Ainsi la nuit : miroir d’espace (Henri Dutilleux)


Lire chaque matin depuis une semaine (et rapidement lues, les 500 pages) L’Obélisque noir de E. M. Remarque ; tant à dire — mais impression, rare et précieuse, d’avoir lu ce livre au bon moment, à l’instant sûr où je pouvais le recevoir. Place du Parlement, avant que la chaleur ne rende le lieu impossible, traverser l’Allemagne de l’été 23, les pompes funèbres qui sont autant celles de l’après-guerre que de l’avant-guerre. Et les marches dans l’asile.


I - Que font les miroirs quand ils sont seuls ?
L - Ils reflètent ce qui se trouve là.
I - Et quand il n’y a rien ?
L - Il y a toujours quelque chose.
I - Et la nuit ? Par nouvelle lune ? Dans le noir, qu’est-ce qu’ils reflètent ?
L - Peut-être dorment-ils ! Et avec le jour, ils s’éveillent.

Oui, avec Isabelle, je demande : que deviennent les objets quand on ne les voit pas ? Et notre image sur le miroir, quand on s’éloigne ; où va-t-elle jusqu’à la prochaine fois où l’on fera de nouveau face ? Ce n’est pas une pensée de fou. Ni même une pensée : une ignorance simple et qui dépasse de beaucoup la simple idée de l’absence. Englobe, sans trop pouvoir le dire, la perception même du désir, du manque, quand ces pensées sont incarnées. Sont impossibles.

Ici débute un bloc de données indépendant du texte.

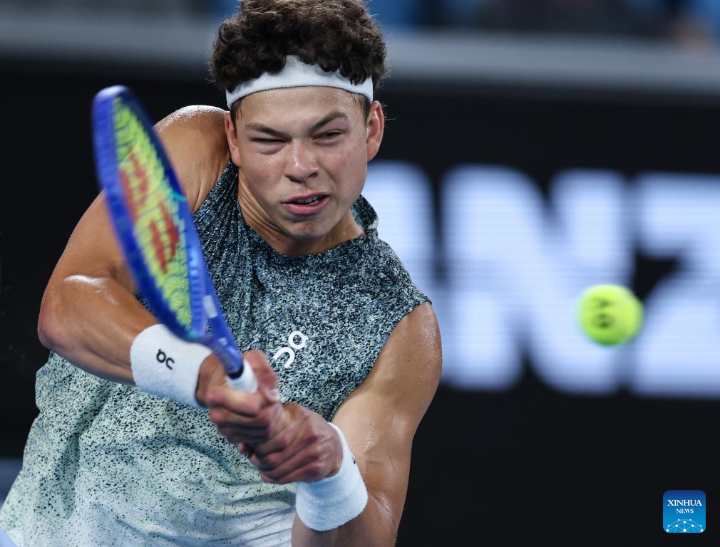 Ben Shelton of the United States hits a return during the men's singles 3rd round match against Valentin Vacherot of Monaco at the Australian Open 2026 tennis tournament in Melbourne, Australia, Jan. 24, 2026. (Xinhua/Ma Ping)

Une porte fermée sur un dehors vide, un dedans clos et séparé. Moi, de l’autre côté de la porte, suis-je dehors — ou plutôt : dans le dedans qui le contient ? Derrière cette porte, les images insensées de la terreur le soir quand on se couche et qu’on entend au dehors les pensées frapper à la porte du sommeil, demeurer dehors, et que, dedans, rumeurs plus sourdes encore ; on s’endort en elles — le lendemain, le reflet de la folie aura pris corps en moi, un peu plus.